Yep. It's not even to say that SNW wasn't notably efficient and fluid in how it characterized its main cast through just the right little moments. Discovery had a harder job to do, and it also made a much less impressive effort when you give it that handicap. Acknowledging that is different from using the one show to give the other a shiner.
Doesn't help that Discovery started off coming across meanspirited and offensive in its own right in the first season even within the text and not just creator comments. I think there's a portion of that that's unavoidable the moment when a) a contingent of the fanbase exists that really is going to cry "mary sue" with a character who isn't white and male in situations they're trained to write off for one who is, and b) that character is actually, genuinely a mary sue even by white male character standards.
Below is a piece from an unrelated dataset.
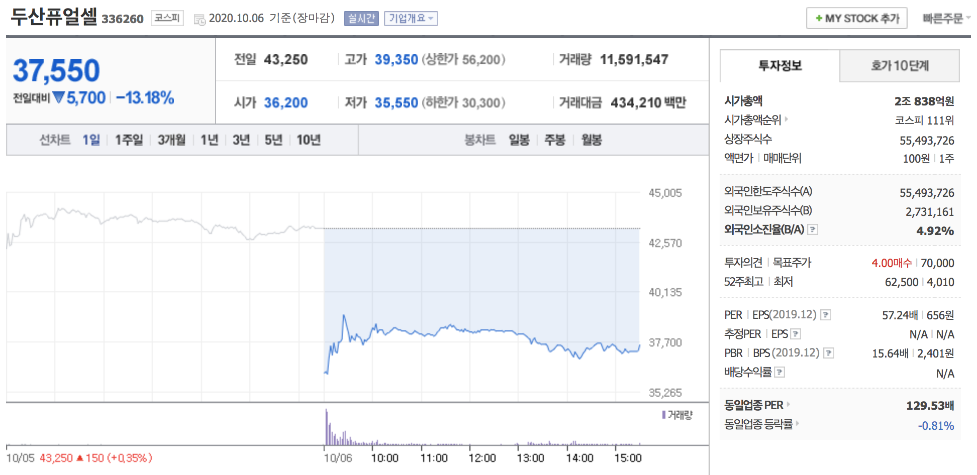2020년 10월 6일 두산퓨얼셀 주가가 20%에 가까운 갭하락으로 시작해 낙폭을 줄이며 13.18% 하락한 37,550원에 장 마감했습니다.

That's why for seasons 3 and 4 I really had to take the approach of asking myself, okay, if I pretend the first two seasons didn't happen and I wasn't sick to death of this show, would this oversight or that handwave bother me? (And often the answer was still yes, and the result was a mixed bag of a lot of irritations and a lot of little good bits like you're saying.)
I do think there is a section of guys who really were alienated by a show that focused on a black woman and made a point of reminding the audience that someone was gay every episode, and those guy probably are going to be more comfortable with a show where the top three spots are two white guys and a white woman and anyone's LGBT+ identity hasn't come up. That's kinda been in the background since early S2 Discovery when it had one good episode and it was a Pike episode, and we all already wanted to jump ship for the Enterprise. You know, it's a bit silly to call it a "woke agenda", but the neckbeard contingent that got deep into Captain Marvel production lore aren't wrong that some TV shows really do want to challenge their expectations in ways they find uncomfortable, and I don't feel inclined to accommodate those guys either. Any of the folks who where genuinely upset by SNW recasting an incidental character from TAS as black, for instance, that seems like a learned immune reaction to threats to their personal bubble.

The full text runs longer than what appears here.